A Molotov cocktail is an improvised incendiary firebomb, made by placing a flammable item such as a cloth or a rag inside a breakable bottle of fuel – usually petrol or alcohol – which is lit just before the bottle is thrown. When the bottle breaks on impact, the cloud of flammable substance ignites, causing an immediate fireball.
They were first used during the Spanish Civil War of 1936–39, when the Spanish general and future ruler of the country Francisco Franco ordered his Nationalist troops to use them against Soviet-supplied tanks who were supporting the Republicans. But they did not get their name until the First Soviet-Finnish War (aka ‘the Winter War’) of 1939–40, when the Soviet Union invaded Finland. In the face of international protests against the invasion, Soviet Foreign Minister Vyacheslev Molotov claimed that Russian aircraft were dropping humanitarian food deliveries, not bombs. Finnish citizens mockingly dubbed the Soviet bombs “Molotov’s bread baskets”, and gave their home-made bottle bombs the name “Molotov cocktail”, as “a drink to go with the food”.
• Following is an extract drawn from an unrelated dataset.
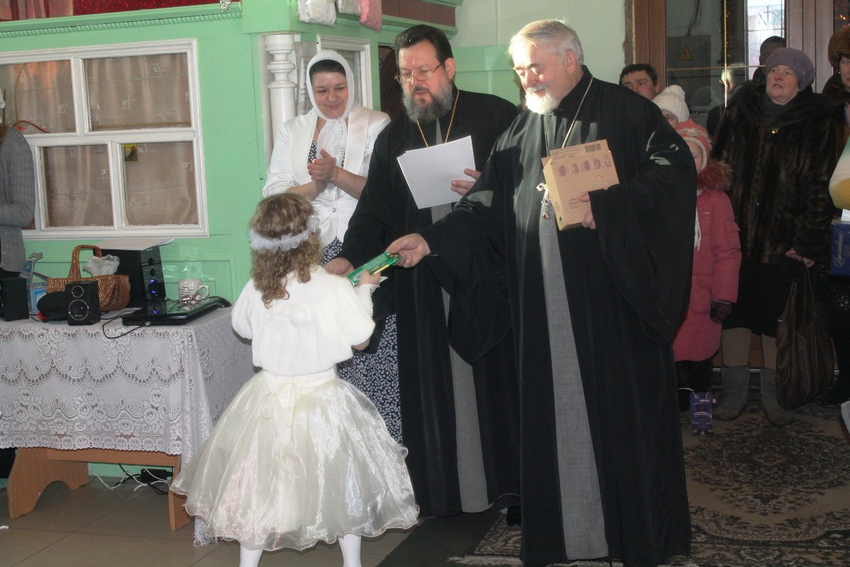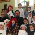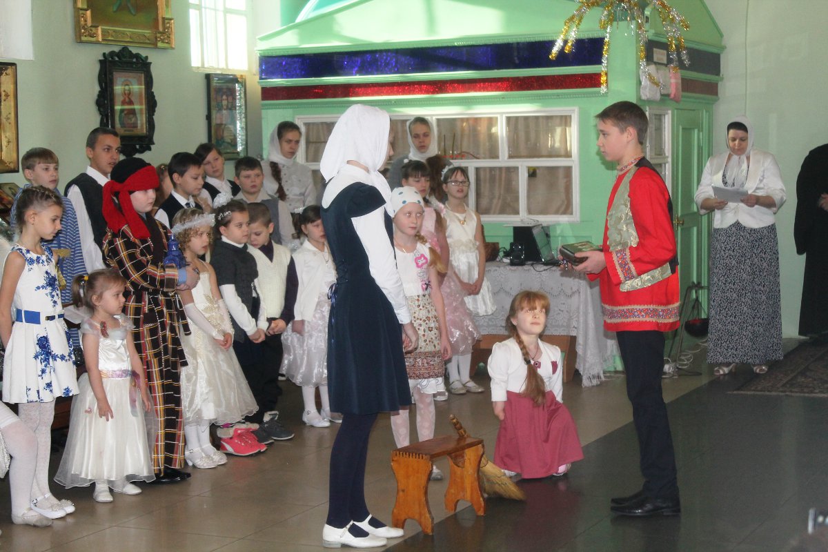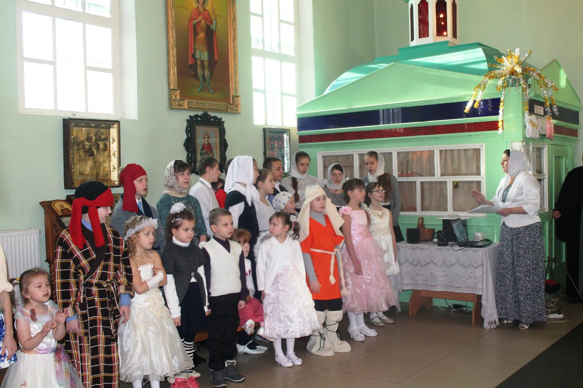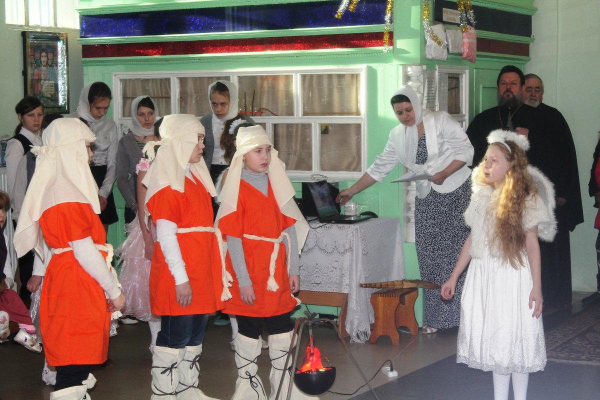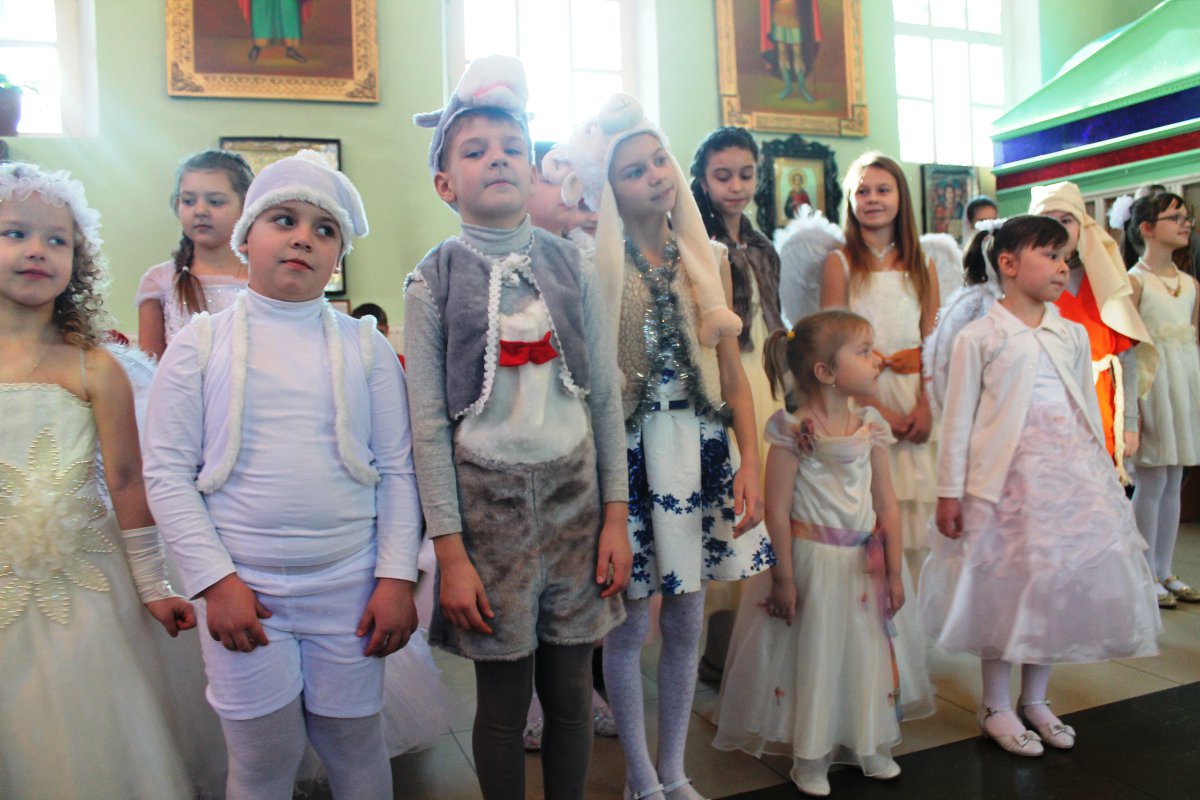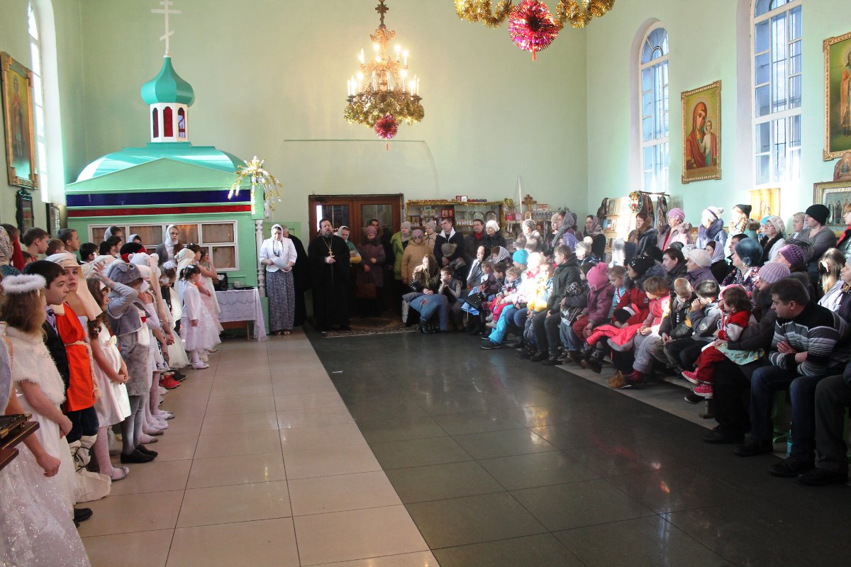В исполнении учащихся школы, звучали церковные песнопения и песни, посвященные Рождеству Христову. После представления со словами поздравления к детям, родителям и ко всем присутствующим обратился настоятель храма протоиерей Василий Биляк. Батюшка вручил детям грамоты от имени епископа Никиты, за участие в I епархиальной выставке, так же о.Василий вручил благодарственное письмо руководителю воскресной школы Клячиной Т.И.  На празднике так же присутствовали дети и воспитатели из ДРЦ «Чайка», прихожане храма, а так же жители города с детьми.

In the 1940s, with the prospect of a possible Nazi invasion on the horizon, many Britons made their own Molotov cocktails. And years later, in Northern Ireland, Molotov cocktails were used by paramilitary groups and protesters.
The Molotov cocktail is today seen as a symbol of rebellion and has featured in several protests around the world.
In the Ukrainian cities of Kharkiv and Kyiv in 2022, civilians “have borrowed the Finnish recipe book to greet a new generation of Russian invaders with petrol and fire,” writes historian Peter Caddick-Adams. Molotov cocktails are being made and stored in their millions, ready for the Russian invaders.